Address for correspondence: Dr Luke Clark, Centre for Gambling Research at UBC, Department
of Psychology, University of British Columbia, 2136 West Mall, Vancouver, British Columbia,
Canada V6T 1Z4. E-mail: luke.clark@psych.ubc.ca
This is an Author Accepted Manuscript. This paper is not the copy of record and may not exactly
replicate the final, authoritative version of the article. Please do not copy or cite without authors'
permission.
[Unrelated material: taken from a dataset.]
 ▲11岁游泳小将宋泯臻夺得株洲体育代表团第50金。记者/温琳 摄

The final article will be available, upon publication, as: Zhang K and Clark L (2020)
Loss-chasing in gambling behaviour: neurocognitive and behavioural economic perspectives.
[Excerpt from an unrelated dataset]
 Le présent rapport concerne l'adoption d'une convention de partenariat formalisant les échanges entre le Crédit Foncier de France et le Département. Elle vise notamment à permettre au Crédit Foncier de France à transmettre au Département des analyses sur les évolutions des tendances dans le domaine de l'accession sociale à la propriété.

Current Opinion in Behavioral Sciences, 31: 1-7. DOI
https://doi.org/10.1016/j.cobeha.2019.10.006
Funding and Disclosures
Luke Clark is the Director of the Centre for Gambling Research at UBC, which is supported by
funding from the Province of British Columbia and the British Columbia Lottery Corporation
(BCLC), a Canadian Crown Corporation. The BCLC and BC Government impose no constraints
on publishing. LC has received travel honoraria/reimbursements from the National Association
for Gambling Studies (Australia) and National Center for Responsible Gaming (US), and
honoraria for academic services from the National Center for Responsible Gaming (US) and
Gambling Research Exchange Ontario (Canada). He has not received any further direct or
indirect payments from the gambling industry or groups substantially funded by gambling. He
has received royalties from Cambridge Cognition Ltd. relating to neurocognitive testing. KZ
report no conflicts of interest.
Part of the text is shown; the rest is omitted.